The edit has made my answer even more pertinent. The attacker will now be faced with analysis of server responses entirely overwhelmed with tiny (or not) but entirely non deterministic time fluctuations. There will not only be the uncertain JVM and OS timings, but also all the network timing /latency issues on top. To see this effect try:-

ping baidu.com

and watch the latency. That's in China.

Answer 4

If all you are worried about is secret independent execution time I think you can do so reasonably also in the JVM.

You can add a built in delay with a timer for constant time execution. You may need to use a non open JVM if you want hard real time constraints for example you will want a pauseless GC. Though you may settle for G1 which under manys workloads will not pause measureably.
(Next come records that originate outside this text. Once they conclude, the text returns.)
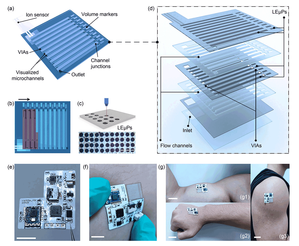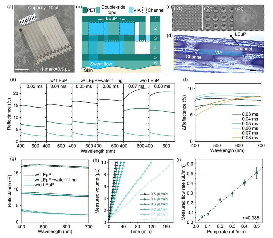 2、利用这些独特的光学特性,开发了一种全激光雕刻的微流控装置,能够通过肉眼观察来量化汗液流失。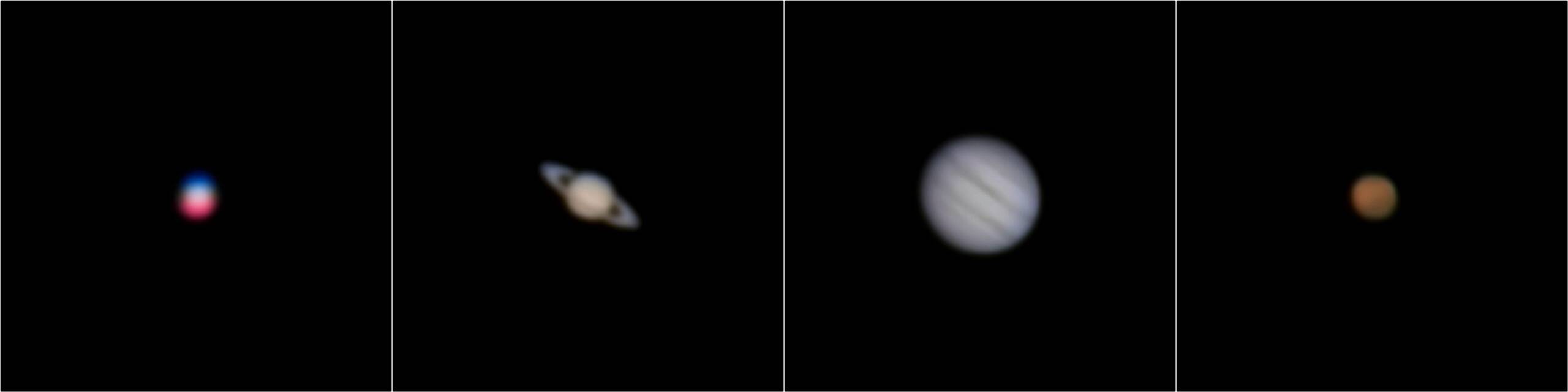 画像1 左から金星、土星、木星、火星 30秒間の4K動画からAutoStakkert!3で処理、ホワイトバランス等画像調整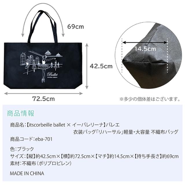 商品名:【itscorbeille ballet × イーバレリーナ】バレエ 衣装バッグ「リハーサル」軽量・大容量 不織布バッグ

This will allow you to set a reasonable upper bound on execution time. With a standard JVM you will probably not want to set a 100% gurantee upper bound but this may be good enough. If the attacker can't trigger these extreme scenarios. As an addes protection if the result is not ready by the upper bound alotted time you can multiply your alloted time. So even if the attacker can trigger the extreme load situations the measured encryption time will be severely rounded so he will only be measuring his generated load.

The chaotic nature of this complex systems may add many potential voulnerabilities but also makes exploiting them very difficult.

Regardless also on the JVM we can analyze performance to a great extent and though harder we can look at byte code, JIT code and of course empirically measure various micro steps. We need to remember even with assembly there may be processor level actions going on, out of order execution, branch prediction hyper threading, memory cache and more which affect performance. We don't normally take them all into account but we can test with them, at least under reasonable conditions.

A realtime JVM will allow you to make good hard commitments on runtime and could be usefulll.

Obviously we keep finding new side channels and timing attacks are just a relatively easy to exploit one. With a same physical machine attacker there are manu more venues, such as L3 cache.

Answer 5

Yes, definitely. Just use callbacks with a set delay.

For example, say that your cryption transform might take anywhere from 1ns to 500ns; then, just await the authority to use the transform instruction, call it, and have it set the transformed result to some reference. After 1000ns, have the callback fire, using the result from the predetermined reference.

Since you'll need to slow everything down to the slowest to enable constant-time evaluation, this'll slow stuff down. But on the bright side, the CPU can do other work before the callback fires, so it doesn't eat all of the CPU time.

Because the CPU time is still affected by the transforms, an attacker who can flood your system and watch the resulting CPU usage might still exploit it, even if that's more annoying. So if that's a concern, then you'll probably want to add rate-limiting to all crypto evaluations in your program, or have do busy work on the CPU before the callback to ensure that the CPU usage isn't different.

Since this is an asynchronous programming scheme, you'll want to make sure that you're using memory barriers and such, as appropriate, or an attacker can exploit the programming errors introduced by improper multi-threaded coding.

Note that some of the "predetermined" values should probably be checked during operation. For example, if a transform somehow takes longer than expected, then the wait time for all future evaluations should be adjusted upward accordingly - and probably trigger a key change, just in case an attacker happened to glean some knowledge of the current key from that long-evaluation.